The large number of Jaina families that have survived here to the present day, and a good quantity of religious traditions and manuscript works preserved amongst them, point to the prominence of this place as a resort of the Jaina doctrine. According to one tradition this town was known as Alakāvati in the heyday of its glory. Another tradition credits this place with the honour of a visit by Jinasēna Bhaṭṭāraka, the reputed preceptor of the Rashtrakuta monarch Amōghavarsha Nṛipatunga. The belief is prevalent that a pontifical seat was founded at Malkhod by this divine and that this tract came under the ecclesiastical jurisdiction of the preceptors of his line. The members of the local Jaina community still pay their homage to the pontifical throne of the Malkheḍ gurus. Being the native place of that inveterate foe of the Jaina creed, Ēkāntada Ramayya,' this town would also have witnessed his early contacts with the followers of the faith.

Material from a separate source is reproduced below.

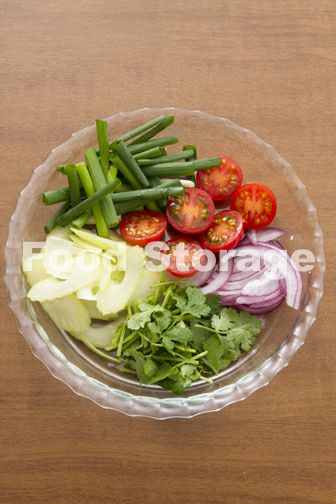 紫玉ねぎは薄切りにする。万能ねぎは㎝長さに切る。セロリは㎜幅の斜め薄切りにする。プチトマトはヘタを除いて横半分に切る。香菜はざく切りにする。 |

A peep into the nature of the old religious works preserved in some households here will prove useful. I may note at the outset an unfortunate event that was reported to me in this connection. A big collection of manuscript works on palmleaf, handed down for generations as precious heirloom in some families, was wilfully cast away and destroyed some years ago by persons who were too innocent to realise their worth and too incapable to take proper care of them. Now I will proceed to specify by way of illustration a few such works as I think to be representative from among the many I could glance through hurriedly within the short time at my disposal. A palmleaf manuscript work named Kaumudi Kathe was in the possession of Mr. Hirachand Sakharam Kothari. It is written in early Kannada alphabet of about the 12th century A. D. and ascribed to the authorship of Mangarasa. Students of Sanskrit literature are aware of the existence of a Jaina work named Samyaktva Kaumudi by an author of the Digambara School'. Three authors bearing the name Mangarasa figure in the history of Kannada literature. One of them assigned to the early part of the 16th century A. D. was the author of Samyaktva Kaumudi. No work bearing the above title is attributed to any of these. So this appears to be a new work. The subject merits further investigation.
1 Ep. Ind., Vol. V, p. 237; Śaraṇa Sahitya, 1941, pp. 127–30.
2 H. D. Velankar: Jinaratnakōsa, p. 424.
3 Karpātaka Kavicharite, Vol. I, pp. 416-17; Vol. II, pp. 179 ff.